A. B. Dick Company
- Type: Defunct
- Industry: Graphic Arts Equipment
- Founded: Chicago, Illinois, United States, 1883
- Founder: Albert Blake Dick
- Defunct: July 2004
- Headquarters: Niles, Illinois, United States
- Key people: Albert Blake Dick, Founder Albert Blake Dick Jr., second president A. B. Dick III, third president Karl Van Tassel, president John C. Stetson, president Ed Suchma final president and CEO
- Revenue: $268.62 million (1998 est.)
- Number of employees: about 900, mid-1930s about 1,200 in 1996
- Website: http://www.abdick.com/

= A. B. Dick Company =

Former American printing equipment manufacturer

The A. B. Dick Company (later stylized as ABDick) was a major American manufacturer of copy machines and office supplies in the late 19th century and 20th century.

==Founding and growth==
The company was founded in 1883 in Chicago as a lumber company by Albert Blake Dick (1856 – 1934). It soon expanded into office supplies and, after licensing key autographic printing patents from Thomas Edison, became the world's largest manufacturer of mimeograph equipment (Albert Dick coined the word "mimeograph").
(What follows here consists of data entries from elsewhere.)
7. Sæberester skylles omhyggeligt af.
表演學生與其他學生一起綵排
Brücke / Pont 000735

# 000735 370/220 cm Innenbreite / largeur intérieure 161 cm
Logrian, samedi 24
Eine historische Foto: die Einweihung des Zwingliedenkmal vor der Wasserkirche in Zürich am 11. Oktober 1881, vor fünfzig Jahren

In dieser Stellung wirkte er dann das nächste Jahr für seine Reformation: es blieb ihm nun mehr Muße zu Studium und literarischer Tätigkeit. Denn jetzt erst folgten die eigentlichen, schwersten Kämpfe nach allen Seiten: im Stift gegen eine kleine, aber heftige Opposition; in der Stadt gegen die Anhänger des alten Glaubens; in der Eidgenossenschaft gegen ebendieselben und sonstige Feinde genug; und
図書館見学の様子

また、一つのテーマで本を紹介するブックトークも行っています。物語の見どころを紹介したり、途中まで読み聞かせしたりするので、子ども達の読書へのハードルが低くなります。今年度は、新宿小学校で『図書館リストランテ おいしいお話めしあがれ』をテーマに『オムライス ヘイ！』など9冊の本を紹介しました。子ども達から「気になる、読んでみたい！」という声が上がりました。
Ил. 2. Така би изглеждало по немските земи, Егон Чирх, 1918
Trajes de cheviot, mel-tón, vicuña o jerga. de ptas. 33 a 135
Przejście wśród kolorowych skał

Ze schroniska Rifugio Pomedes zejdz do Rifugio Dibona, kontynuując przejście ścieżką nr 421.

The company introduced the Model 0 Flatbed Duplicator in 1887. Later on, the flatbed duplicators were replaced by devices using a rotating cylinder with automatic ink feed. Basic models were hand-cranked while more elaborate machines used an electric motor.
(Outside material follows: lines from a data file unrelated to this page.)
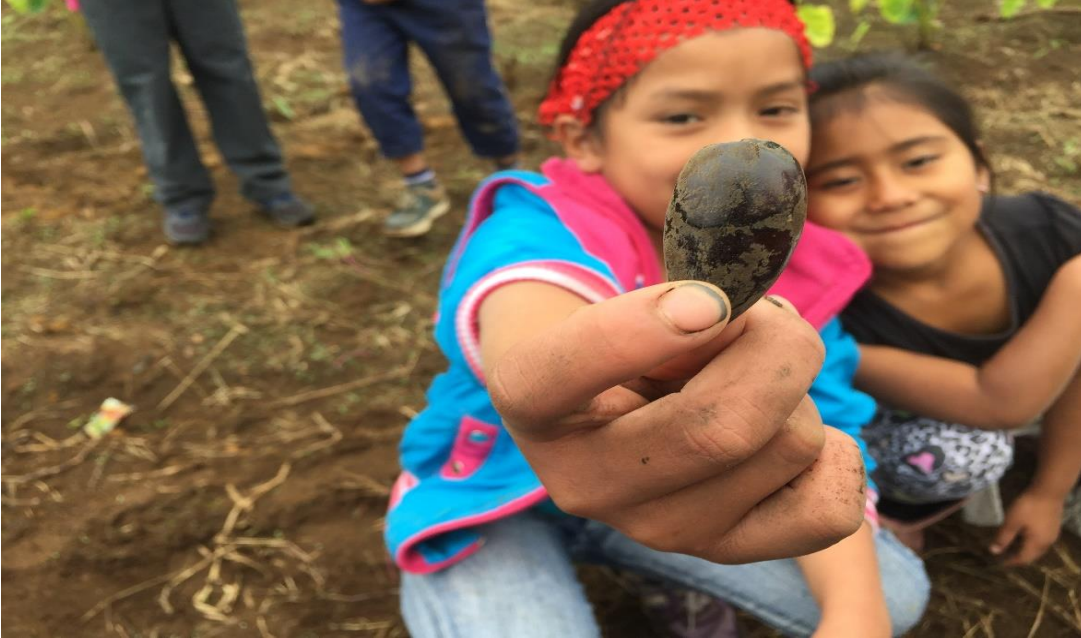
Fotografía 3. Reconociendo semillas 04/04/18, Institución Educativa Palacé Aprendizaje en el proceso de la siembra, donde los niños reconocen las semillas que se plantaran en el tul.
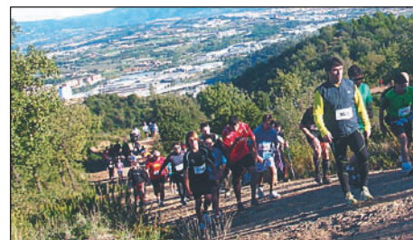
UN MOMENT DE LA MARXA POPULAR DE L'ANY PASSAT

El 27 d'octubre se celebrarà la XXII edició de la Marxa Popular. Com cada any, el Club Esportiu Montornès Atletisme proposa un recorregut de 8 Km per als menys preparats i un altre de 14 Km per als més agosarats. Els dorsals costen 8 euros i es poden trobar a diversos establiments de Montornès, Canovelles i Montmeló i també al web www.atletismemontornes.es . |
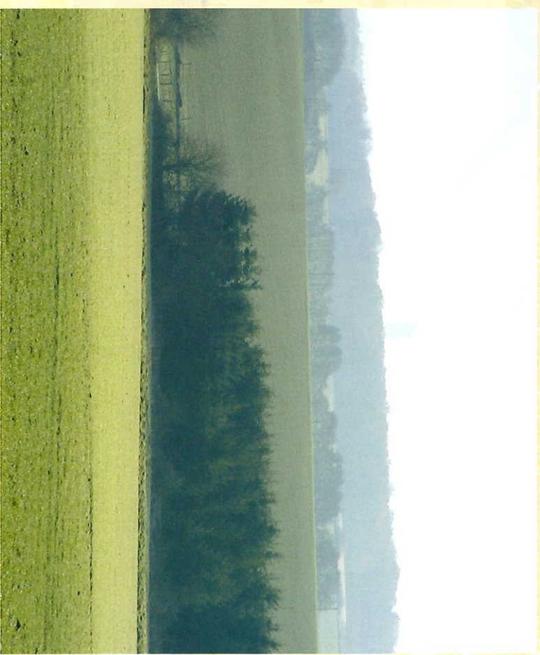
Vue sur la forêt entourant les lacs avec la tour panoramique en arrière plan - Zicht op het bos rond de meren, de panoramische toer achtergrond

Chaque pas dans nos campagnes vous envahira d'une sensation de liberté.

The company had a new headquarters built in 1926, the building at 728 West Jackson now called Haberdasher Square Lofts, and remained there until their move to suburban Niles in 1949.
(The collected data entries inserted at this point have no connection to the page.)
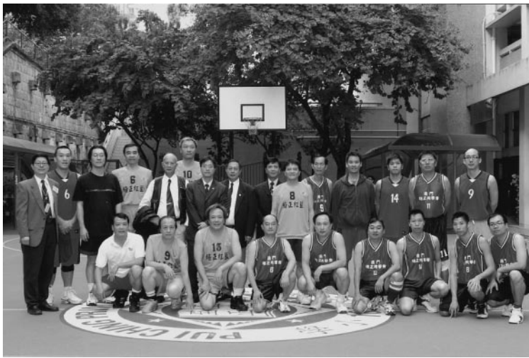
港澳校友埠際賽前合影於吳華英紀念球場

邀請知名學長，負責不同行業作專題講座，讓各學長獲益良多，會後飯聚，藉此聯絡情誼；曾組織學長，前赴廣州、台山、中山、江門、珠海、澳門及上海市，參與學校活動或與當地同學會學長聯絡，以增「紅藍」情誼；本人再次呼籲各學長，參與同學會各項舉辦之活動，贊助同學會通訊費，在此謹祝學長們健康、聖誕快樂及家庭幸福。
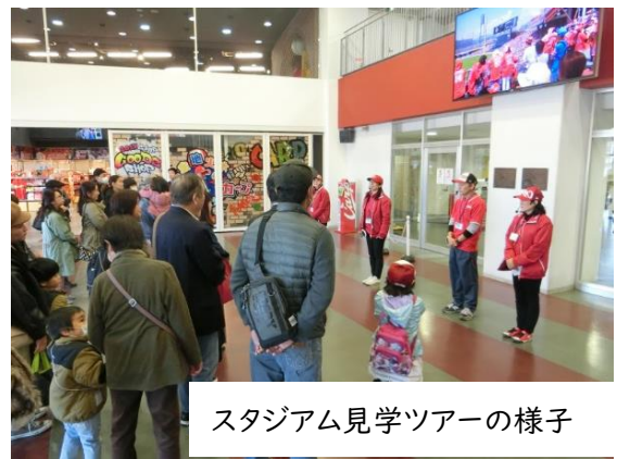
スタジアム見学ツアーの様子
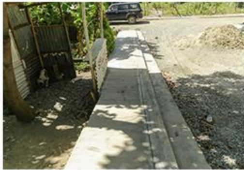
ENCACHE Y CANALETA MATA GORDA

AB Dick model 350 and 360 small duplicator presses, paired with Itek Graphix plate makers, were instrumental in the beginnings of instant or "quick" printing shops that proliferated between the 1960s and 1980s. These early plate makers first used paper plates and later used polyester plates made by Mitsubishi. They revolutionized plate making for small press printers with the introduction of digital plate makers in the early 1990s. A. B. Dick also produced machines using the competing spirit duplicator technology. Starting in the 1960s, xerography began to overtake A. B. Dick's older mimeograph technology.

John C. Stetson was president of A. B. Dick when he was appointed Secretary of the Air Force in 1978.

==End of independent existence==
In 1979, the company was acquired by the British General Electric Company (not to be confused with the American company General Electric). In the early 1980s, following this acquisition, A. B. Dick was involved with GEC Computers in the design of the ill-fated GEC Series 63 minicomputer.

In 1988, the company acquired Itek Graphix, a leading manufacturer of plate-makers for duplicators (small format offset presses). By the late 1990s, A. B. Dick was a division of the Nesco company of Cleveland.

The company filed for bankruptcy in 2004, and its assets were acquired by Presstek, a manufacturer of prepress products. Presstek sold its ABDick division to Mark Andy, Inc. in 2013. Mark Andy continues (as of 2024) to market products under the ABDick brand.